The Distribution Analysis tool allows you to fit one or more distributions to the input data and compare them based on a number of Goodness-of-Fit* statistics. Based on the statistical significance (p-values) of the results of these tests, the user can determine which distribution best represents the data.

The Distribution Analysis tool can be helpful when trying to understand the overall nature of your data as well as make decisions about how to analyze it. For instance, data that fits a Normal distribution would likely be well-suited to a Linear Regression, while data that is Gamma Distributed might be better-suited to analysis via the Gamma Regression tool.

This tool uses the R programming language. Go to Options > Download Predictive Tools to install R and the packages used by the R Tool.

## Input

An Alteryx data stream with continuous data.

## Configuration Properties

### Configuration

1. Select a field for analysis: Select a field from the incoming data for analysis.
2. Select distributions for comparison: Select one or more distributions to compare. The distribution options are as follows:
• Normal: A commonly occurring continuous probability distribution that is often used in both the natural and social sciences to represent real-valued random variables (i.e. continuous random variables that can take both positive and negative values).
• Lognormal: A continuous probability distribution of a random variable whose logarithm is normally distributed.

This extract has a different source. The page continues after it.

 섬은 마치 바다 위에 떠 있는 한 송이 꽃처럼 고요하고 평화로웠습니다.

This distribution is well-suited to the description of natural phenomena such as growth rate and size distributions. In addition, it is often used to describe income distribution in a sufficiently large population.
• Weibull: A relatively flexible distribution that is closely related to the exponential distribution. It is frequently found in data that describes "failure" rates of some kind, e.g. random mechanical failure, mortality, churn, mechanical wear-out rates, etc.
• Gamma: A continuous probability distribution characterized by a significant concentration of cases at non-integer, non-negative lower values while also allowing for the reasonable possibility of much higher values. The Gamma distribution has a wide range of uses, and is commonly found in data that describes aggregate (or average) amounts per case, e.g. the average size of an insurance claim, measured per individual.

Columns containing unique identifiers, such as surrogate primary keys and natural primary keys, should not be used in statistical analyses. They have no predictive value and can cause runtime exceptions.

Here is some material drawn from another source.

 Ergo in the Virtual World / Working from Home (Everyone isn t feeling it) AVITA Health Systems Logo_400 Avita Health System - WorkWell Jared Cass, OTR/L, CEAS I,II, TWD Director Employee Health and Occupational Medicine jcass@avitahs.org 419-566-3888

The Lognormal, Weibull, and Gamma distributions ONLY work for non-negative data.

### Graphics Options

• Plot size: Configure the dimensions of the probability density graph that is created.
• Graph resolution: Select the resolution of the graph in dots per inch: 1x (96 dpi); 2x (192 dpi); or 3x (288 dpi). Lower resolution creates a smaller file and is best for viewing on a monitor. Higher resolution creates a larger file with better print quality.

## Output

A set of report snippets that includes a histogram, basic summary statistics of the test results, goodness of fit statistics, data quantiles per distribution, and the distribution parameters.

*D'Agostino, R., Stephens, M.A. (1986) Goodness of Fit Techniques.